[DATASET CONTENT]:
+ + +
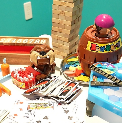 【多彩なボードゲーム】定番のトランプやバランスゲーム、ガチャなど、みんなで楽しめるアミューズメントが盛り沢山!お酒を片手にゆったりと楽しいひとときをお過ごしください。貸切ももちろん承っております◎お気軽にご相談ください♪
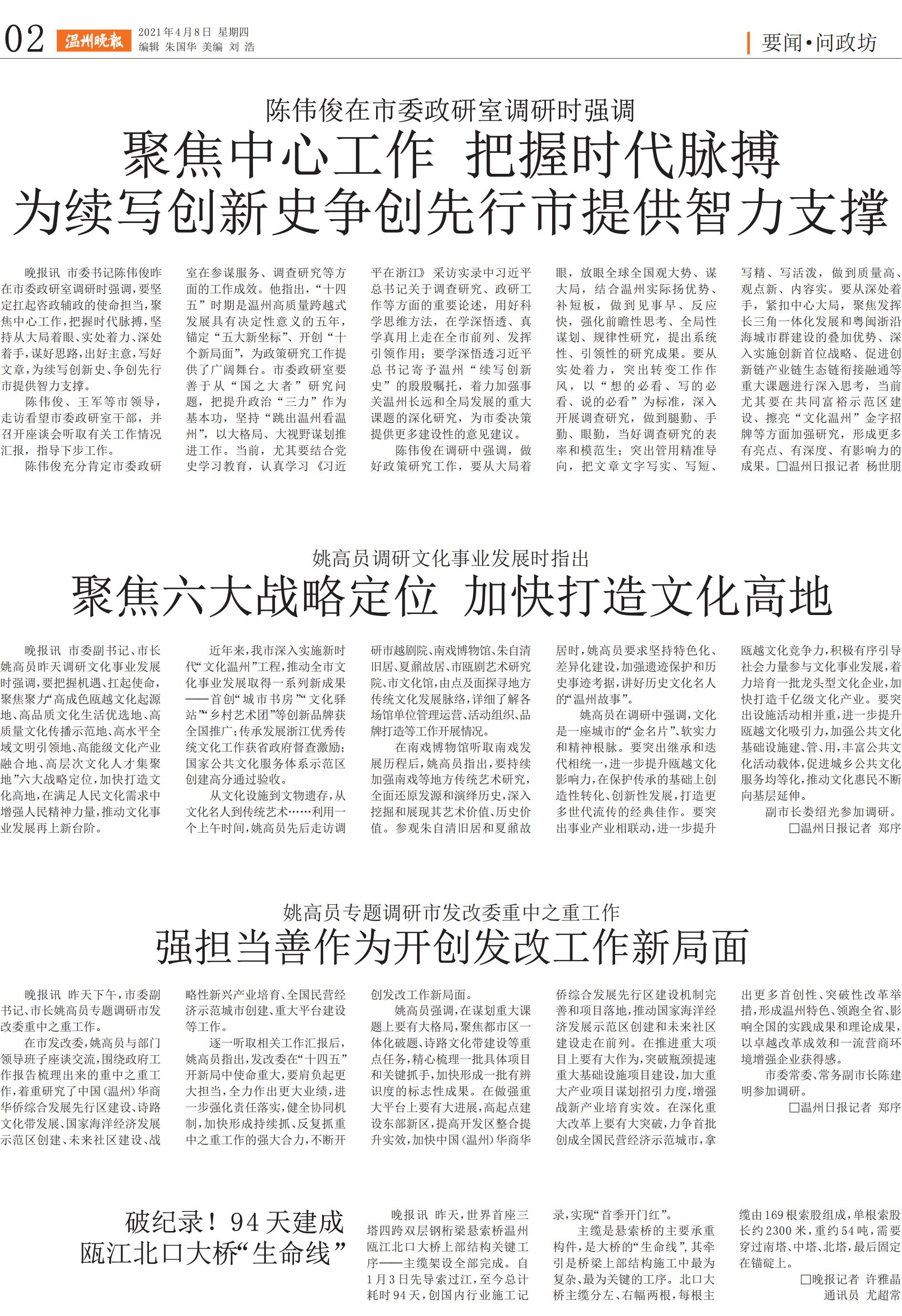 破纪录!94天建成瓯江北口大桥“生命线”
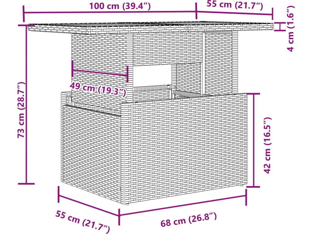 | 1 x stůl: | 100 x 55 x 73 cm (D x Š x V) |
+ + +
[TASK DESCRIPTION]: Output nothing but an exact retyping of the material, pictures excluded.

[ANSWER BOX]:
 【多彩なボードゲーム】定番のトランプやバランスゲーム、ガチャなど、みんなで楽しめるアミューズメントが盛り沢山!お酒を片手にゆったりと楽しいひとときをお過ごしください。貸切ももちろん承っております◎お気軽にご相談ください♪
 破纪录!94天建成瓯江北口大桥“生命线”
 | 1 x stůl: | 100 x 55 x 73 cm (D x Š x V) |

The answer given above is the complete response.